164. The apparatus of claim 146, wherein the sensor comprises a lidar sensor.

165. The device of claim 146, wherein the sensor comprises a camera sensor.

166. The device of claim 165, wherein the camera sensor comprises a stereo camera sensor.

167. The device of claim 165, wherein the camera sensor comprises a monocular camera sensor.

Claims

1. A computer-implemented method, comprising:

maintaining a world model of an environment of a vehicle; and

including hypothetical objects in the environment that are not perceivable by sensors of the vehicle in the world model.

4. The method of claim 1, wherein the hypothetical objects comprise at least one of: second vehicles, bicycles, buses, trains, pedestrians, and animals.

5. The method of claim 1, wherein including the hypothetical object in the world model comprises probabilistically selecting a type of the hypothetical object and attributes of the hypothetical object based on previously observed objects in the environment.

6. The method of claim 5, wherein the attribute comprises a size or a velocity.

7. The method of claim 1, comprising including known objects in the environment that are perceived or otherwise known by sensors of the vehicle in the world model.

8. The method of claim 7, wherein the hypothetical object and the known object maintained by the world model are in different portions of the environment.

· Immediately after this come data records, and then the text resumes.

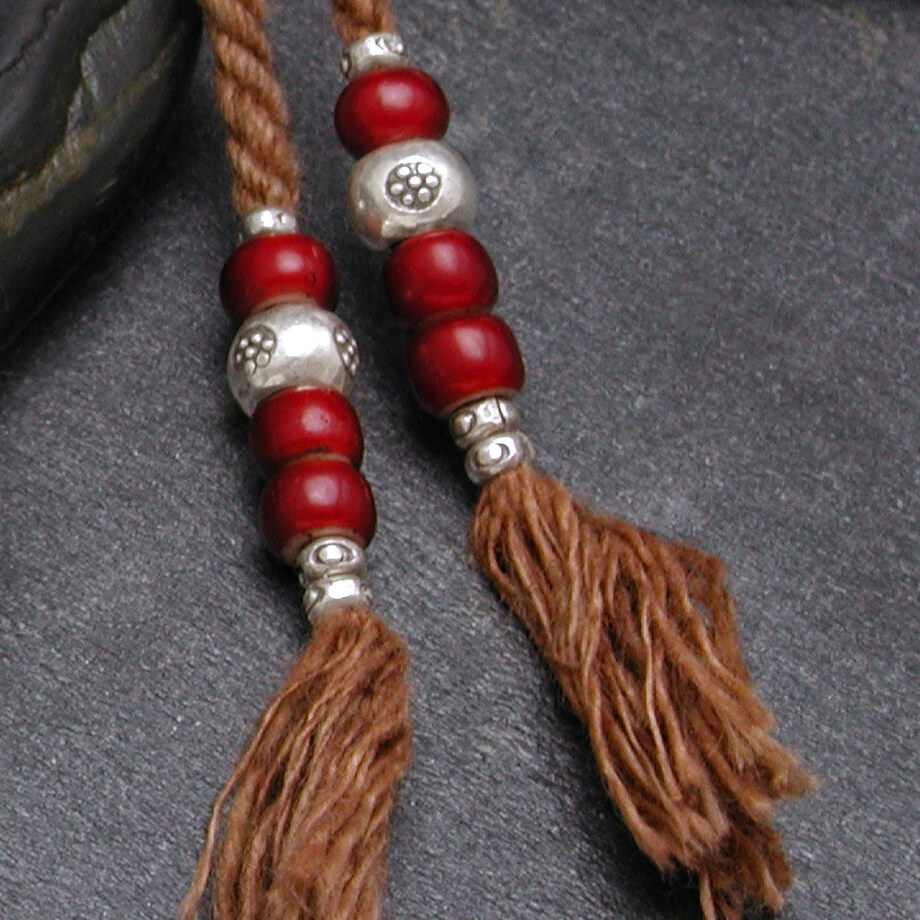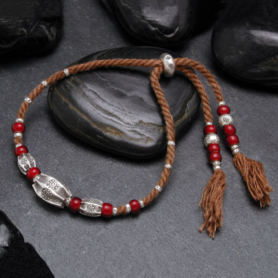 柿渋染の手紡ぎ木綿紐はどこか懐かしさを感じる純朴な色で、鈍色のカレンシルバーと濃紅色のアンティークビーズとの相性が良いブレスレットです。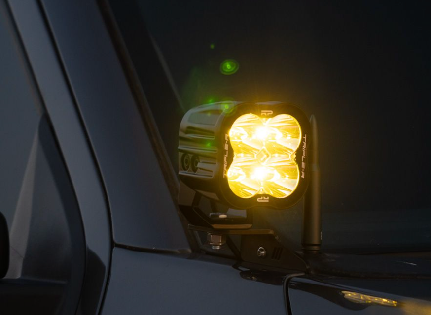 Now available with high-efficiency yellow LEDs, the RP Spot Yellow is an ideal solution for riding in dust, fog, rain, or snow. The yellow light cuts through the haze, giving you clearer vision and less glare. It's a smarter, cleaner alternative to using a yellow lens cover, especially for those in the adventure bike, ATV, and UTV scenes who demand reliability in all-weather, all-terrain conditions. A black âTriple-Râ branded lens cover is included with each light.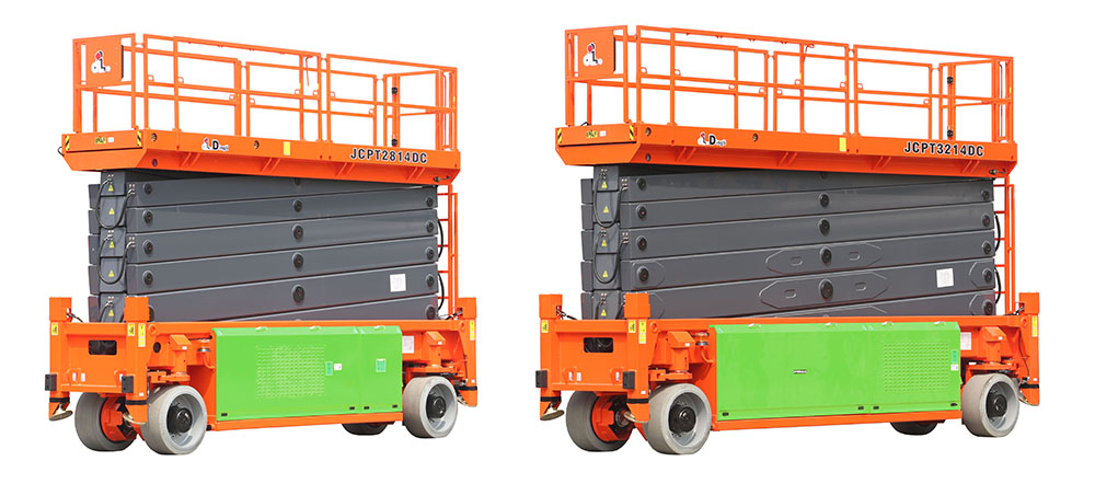 The maximum load of the two large electric scissors is 600kg, they are self-propelled and can meet the needs of multiple people working at the same time. They are equipped with a 1.9m extension platform, and the working platform size of JCPT3214DC can reach 5.85m*1.2m. Also, they are both equipped with 4X4 drive mode, which can realize crab-turn and flexible operation.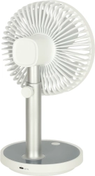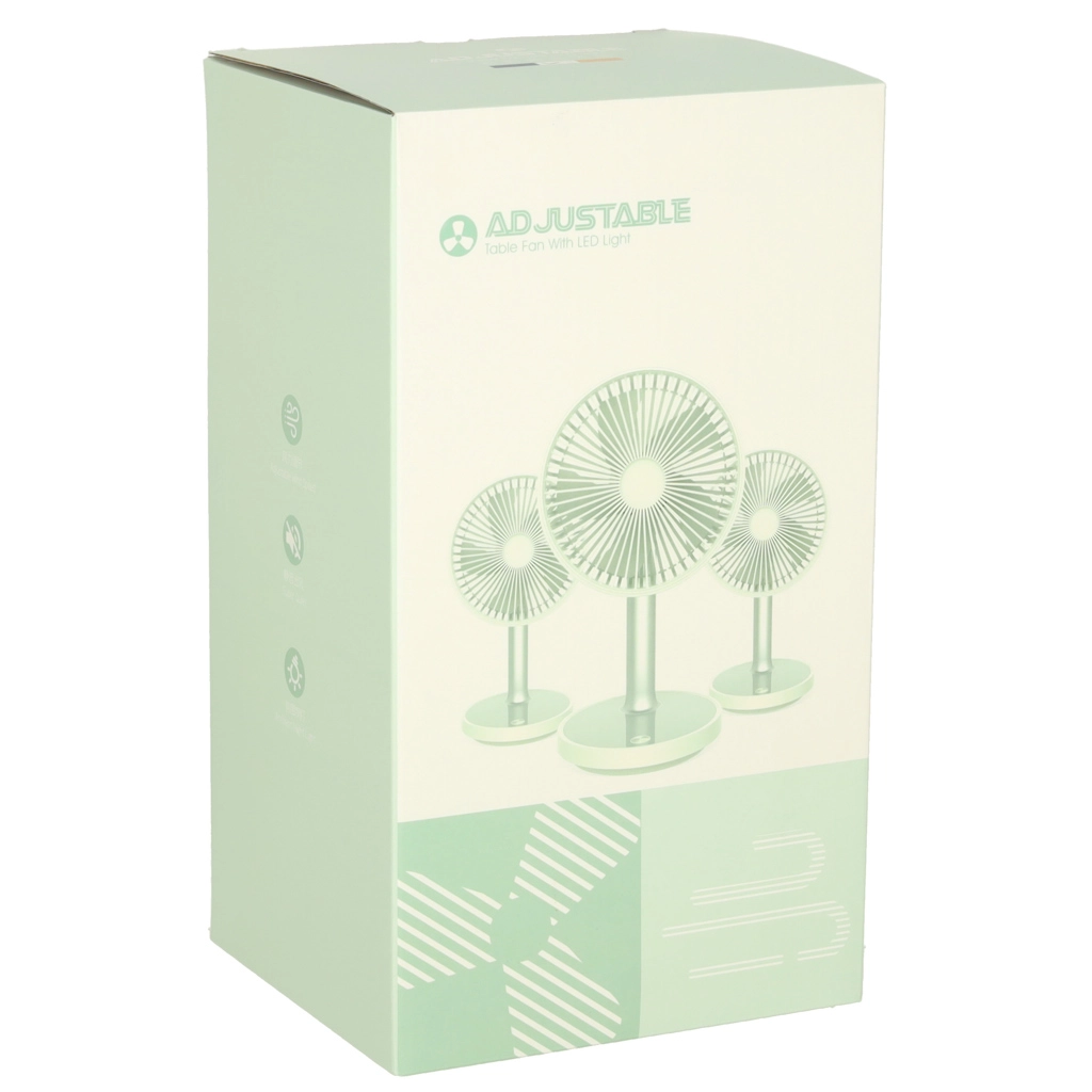Mėgaukitės maloniu vėsumu karštomis dienomis. Šis baltas stalinio ventiliatorius sujungia minimalistinį dizainą ir praktiškas funkcijas: keturi oro srauto režimai nuo švelnaus vėjelio iki stipresnės galios, tylus veikimas, tinkamas miegamajam ir biurui, bei LED pagrindo apšvietimas švelniai nakties šviesai.

9. The method of claim 8, wherein the different portions of the environment comprise a perceived world and an imperceptible world.

10. The method of claim 9, wherein the perceived world and the non-perceived world are separated by a boundary.

11. The method of claim 10, comprising detection of the boundary.

12. The method of claim 11, wherein the detection of the boundary comprises using data from one or more sensors to distinguish between the observable ground and a foreground blocking a portion of the ground.

13. The method of claim 11, wherein the one or more sensors comprise a sensor of the vehicle or a sensor external to the vehicle, or both.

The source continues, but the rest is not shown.